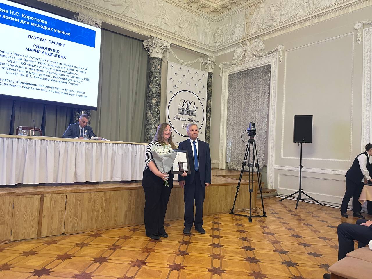 Церемония награждения лауреатов прошла 19 мая 2025 года в Санкт-Петербургском отделении РАН. Премия имени Н.С. Короткова по наукам о жизни в области медицины для молодых ученых была присуждена Симоненко Марии Андреевне за работу «Проведение профилактики и долгосрочной реабилитации у пациентов после трансплантации сердца».
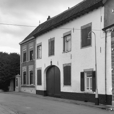 Bakstenen huis met binnenplaats. Witgeverfd. Vensteromlijstingen in Naamse steen. Poort. 1799.
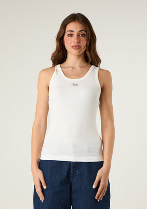 Canotta T-Anki a coste con over D stampato, stringhe avvolgenti, scollo rotondo, bretelle larghe
--------------------------------
For this exercise, transcribe the data above line by line, exactly, with pictures omitted.

 Церемония награждения лауреатов прошла 19 мая 2025 года в Санкт-Петербургском отделении РАН. Премия имени Н.С. Короткова по наукам о жизни в области медицины для молодых ученых была присуждена Симоненко Марии Андреевне за работу «Проведение профилактики и долгосрочной реабилитации у пациентов после трансплантации сердца».
 Bakstenen huis met binnenplaats. Witgeverfd. Vensteromlijstingen in Naamse steen. Poort. 1799.
 Canotta T-Anki a coste con over D stampato, stringhe avvolgenti, scollo rotondo, bretelle larghe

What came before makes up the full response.